It is very interesting for cereal science to understand the contribution of non-covalent bonds in the aggregation of gluten proteins, comparing low and high protein flours, and clarifying the amounts and sizes of protein aggregates and monomeric proteins.

This article has high quality and contains new information, the aim of the work is clearly established, the experimental well conducted, discussion and conclusions are well documented and scientifically coherent, despite some concerns:

 

1. Introduction:
   1. Lines 62-69 – “The amount of protein aggregates can be extracted depends on SDS concentration. With the increase of the concentration of SDS, the degree of disruption for non-covalent bonds increased. The proteins aggregated through weak non-covalent bonds are extracted with low concentration (0.1%, in this study) of SDS. The difference between the amounts of protein extracted with medium (0.3%) and low concentrations of SDS are macro-polymers aggregated through medium strength non-covalent bonds. Gluten protein aggregated through strong non-covalent bonds are calculated by the difference of the amount of proteins extracted with high (0.5%) and medium concentrations of SDS.” Which are the references for this methodology?

 

2. Material and methods:
   128. Line 82 – “…distilled water (HF: 128.8 mL, LF: 117.4 mL; mean water absorption for farinograph)…”. Please indicate values in water absorption (%).
   129. Figure 1 – How BU, PC, BD and OM were calculated? Please clarify it in the text.
   130. Lines 94-97 – I am wondering if 10,000 rpm for 5 min, used to homogenize samples with SDS, is not too much, considering each dough was mixed only at 120 rpm for 20 min. It doesn´t have an effect in protein aggregates formation/ rupture? Why not add it during mixing? Maybe different results would be obtained adding SDS during the mixing step.

 

3. Results:
   6. Figures 3, 4, 5 and 6 – Same letter(s) is(are) used both for HF and LF, despite the differences in soluble protein values (Fig. 3). The same comment for Fig 4, 5 and 6.
   7. Lines 207-208 – “The sizes of the protein aggregates decreased after the mixing peak in LF”. I don´t agree because there are no significant differences in LF.
   8. Lines 230-239 – There is a reference to this methodology?

 

4. Discussion:
   1. Lines 319-320 – “…the extraction process disrupts the structure of the native protein”. How it was overcome in your case? Please add a comment about this aspect.

Author Response

It is very interesting for cereal science to understand the contribution of non-covalent bonds in the aggregation of gluten proteins, comparing low and high protein flours, and clarifying the amounts and sizes of protein aggregates and monomeric proteins.

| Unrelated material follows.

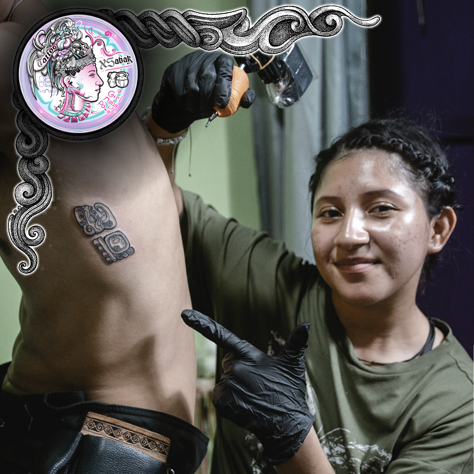 Bienvenidos en el corazón del mundo maya. En la isla de Flores, antiguamente Noh Petén, el café Cool Beans no solo cuenta con un entorno selvático sino también con una galería de arte jeroglífico maya y un estudio de tatuaje de la artista Mishell XSabak!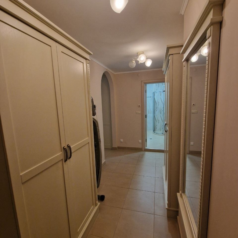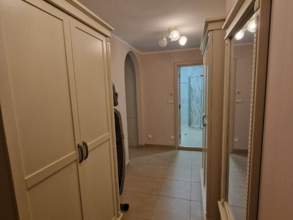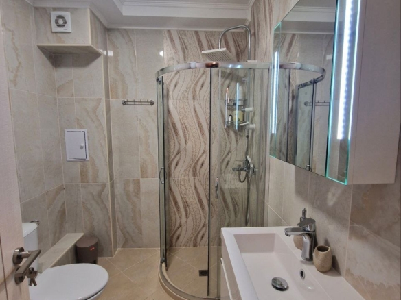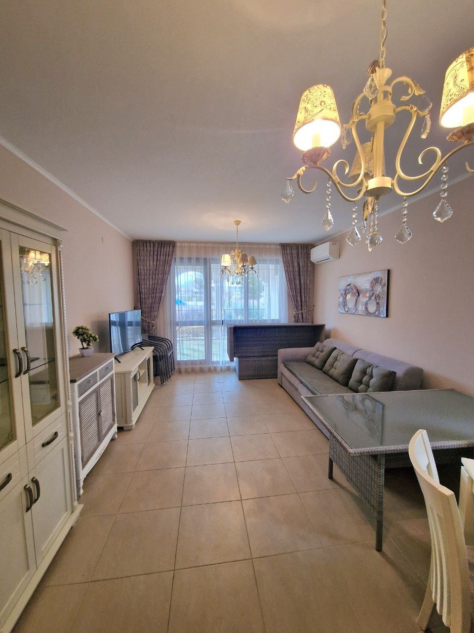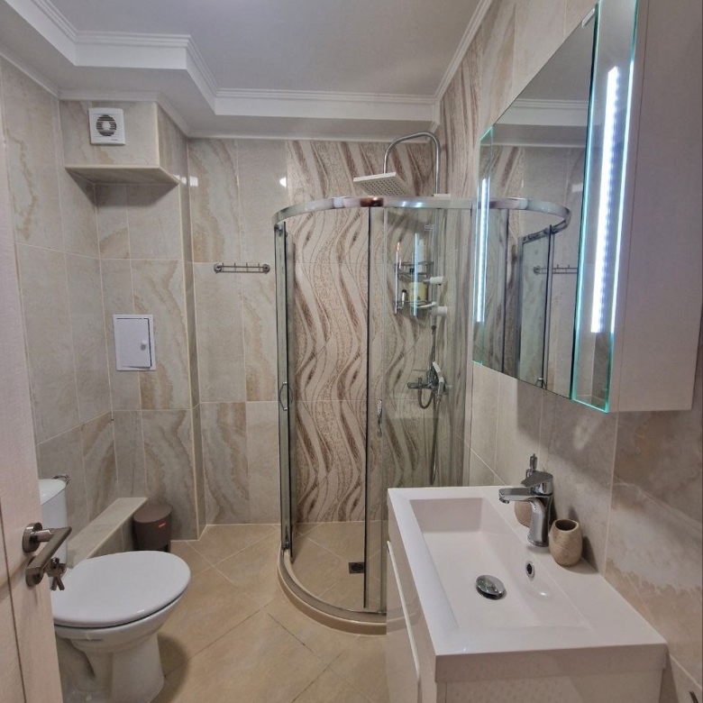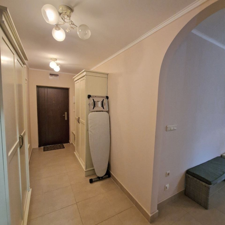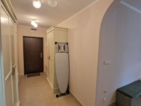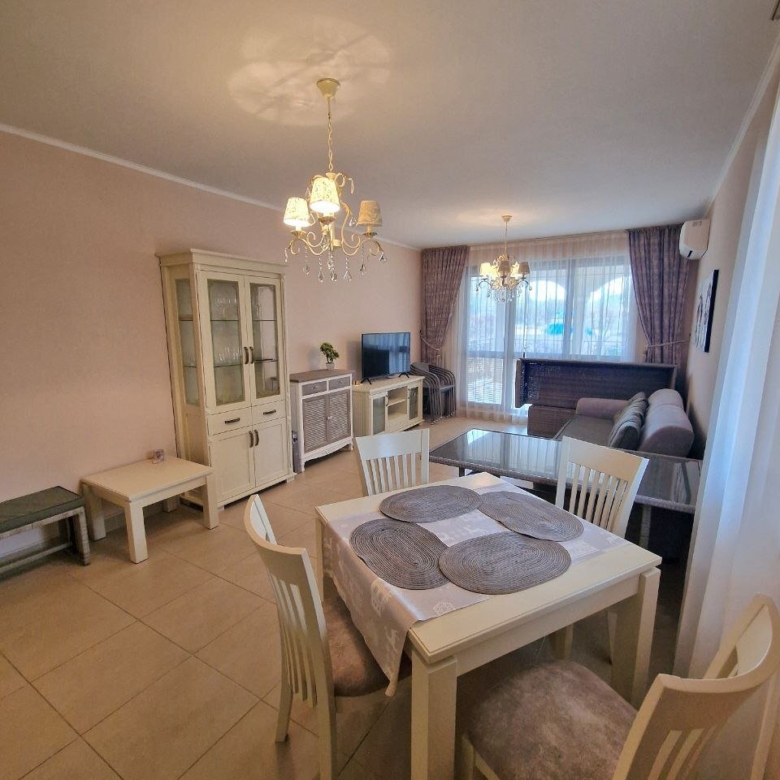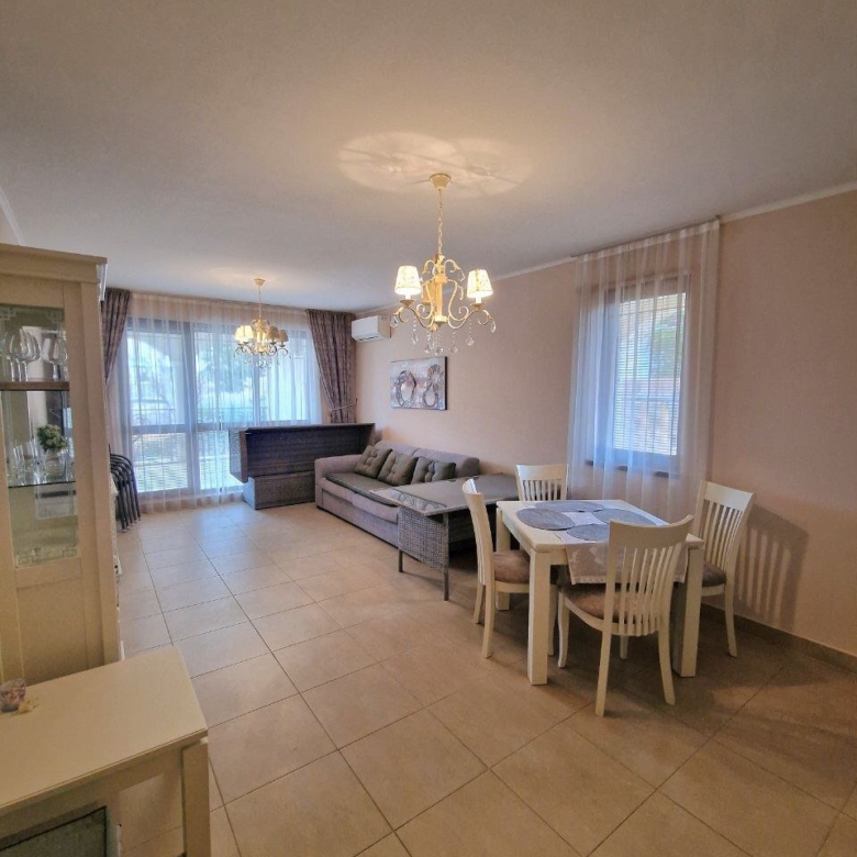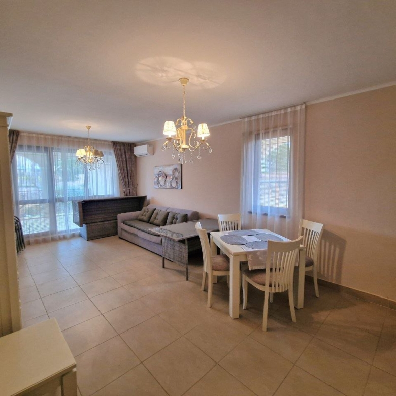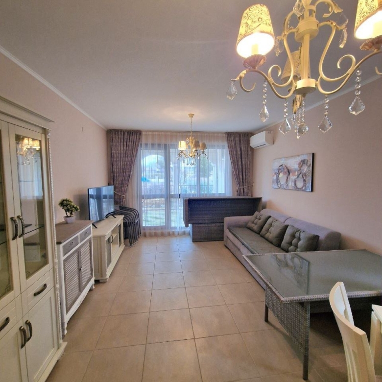 The apartment with a total area of 62.05 m² is located on the ground floor. It consists of a hallway, a living room with a kitchen area, a bathroom, and a large terrace. The apartment is furnished with high-quality furniture and all necessary appliances. It offers a view of the complex’s grounds.

This article has high quality and contains new information, the aim of the work is clearly established, the experimental well conducted, discussion and conclusions are well documented and scientifically coherent, despite some concerns:

 

Response: Thank you for the review of this manuscript. We have addressed each of your comments below.

1.Introduction: 1.Lines 62-69 – “The amount of protein aggregates can be extracted depends on SDS concentration. With the increase of the concentration of SDS, the degree of disruption for non-covalent bonds increased. The proteins aggregated through weak non-covalent bonds are extracted with low concentration (0.1%, in this study) of SDS. The difference between the amounts of protein extracted with medium (0.3%) and low concentrations of SDS are macro-polymers aggregated through medium strength non-covalent bonds. Gluten protein aggregated through strong non-covalent bonds are calculated by the difference of the amount of proteins extracted with high (0.5%) and medium concentrations of SDS.” Which are the references for this methodology?

 

Response: This is our original method. This is the first report that non-covalent bond was evaluated by extraction of various concentration of SDS. We got the idea from the previous report* as evaluation of disulfide bond by various concentration of dithiothreitol.

 

*Marie-Helene Morel et al. Biomacromolecules (2002),3,488-497

 

2.Material and methods: 128.Line 82 – “…distilled water (HF: 128.8 mL, LF: 117.4 mL; mean water absorption for farinograph)…”. Please indicate values in water absorption (%).

 

Response: The water absorption of HF is 64.4% and LF is 58.7%.

 

129.Figure 1 – How BU, PC, BD and OM were calculated? Please clarify it in the text.

 

Response: We wrote it in the manuscript. Please see Line 89-90.

 

130.Lines 94-97 – I am wondering if 10,000 rpm for 5 min, used to homogenize samples with SDS, is not too much, considering each dough was mixed only at 120 rpm for 20 min. It doesn´t have an effect in protein aggregates formation/ rupture? Why not add it during mixing? Maybe different results would be obtained adding SDS during the mixing step.

 

Response: We wanted to extract almost all protein as gently as possible. In our preliminary studies, we found 0.5% SDS was the lowest concentration that we can extract almost protein (Line 174-178). If we reduce the rotation speed or shorten the extraction time, the extraction efficiency will decrease. From the result, we decided the extraction condition (0.5%SDS, 10000rpm, 5min) for all experiments in this report. We think 10,000 rpm for 5 min is enough for our experiments because the extraction efficiencies is 91-93%.

 

Why not add it during mixing? Maybe different results would be obtained adding SDS during the mixing step.

 

Response: As you say, we think different results would be obtained adding SDS during mixing step.　But our aim of this study is that analyzing of the change of the non-covalent bond in normal mixing condition.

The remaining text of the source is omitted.